▸ Task objective
Output exactly, in the material below, the lines from the one with "Step 2: After" through the one with "近日, 平舆县公安局组织民警". Omit all pictures.

▸ Data to process
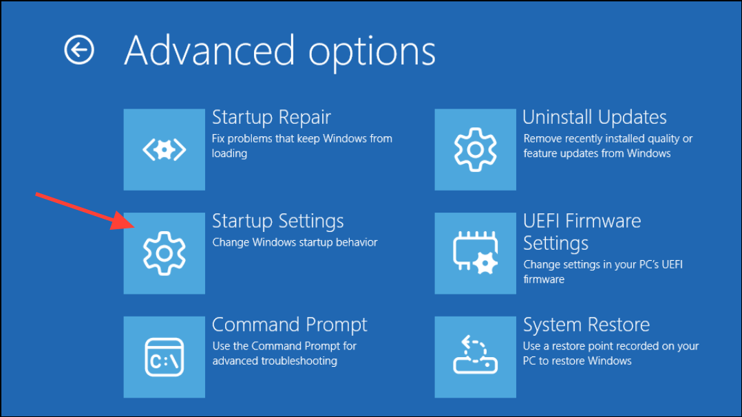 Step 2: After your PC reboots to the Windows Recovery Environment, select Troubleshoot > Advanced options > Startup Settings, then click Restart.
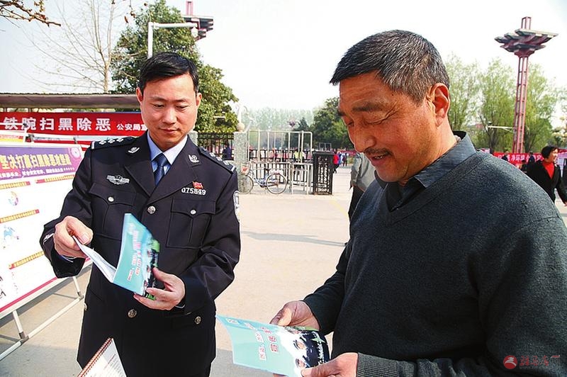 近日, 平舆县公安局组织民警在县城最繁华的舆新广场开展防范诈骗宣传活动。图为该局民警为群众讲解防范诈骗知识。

...

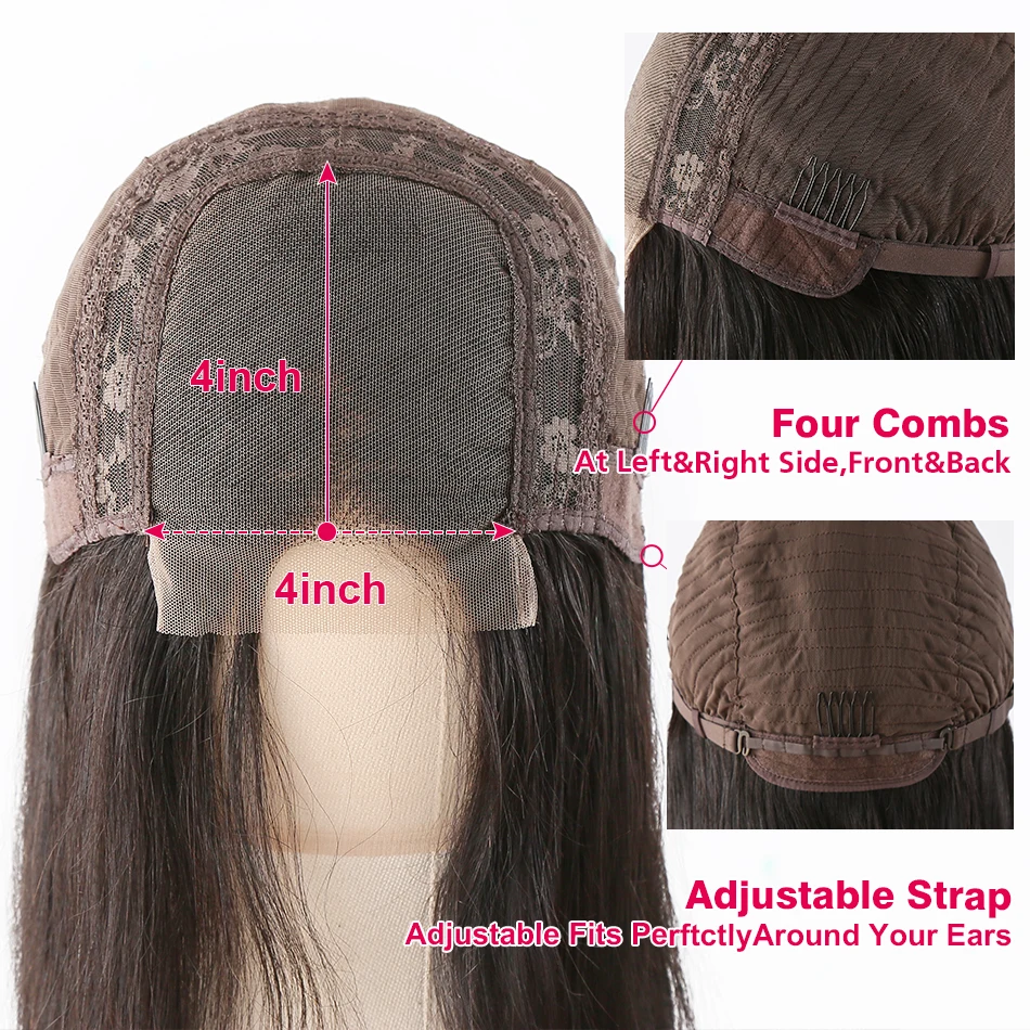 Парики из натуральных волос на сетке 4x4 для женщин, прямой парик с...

==

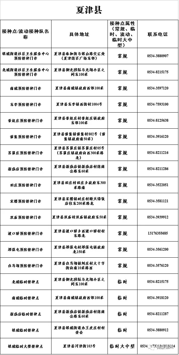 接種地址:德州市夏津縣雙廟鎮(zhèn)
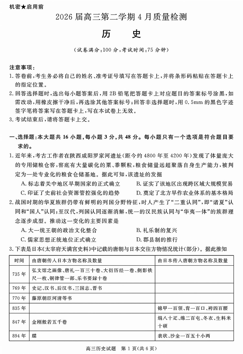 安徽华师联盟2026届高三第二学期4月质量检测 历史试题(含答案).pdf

▸ Result for this exercise
 Step 2: After your PC reboots to the Windows Recovery Environment, select Troubleshoot > Advanced options > Startup Settings, then click Restart.
 近日, 平舆县公安局组织民警在县城最繁华的舆新广场开展防范诈骗宣传活动。图为该局民警为群众讲解防范诈骗知识。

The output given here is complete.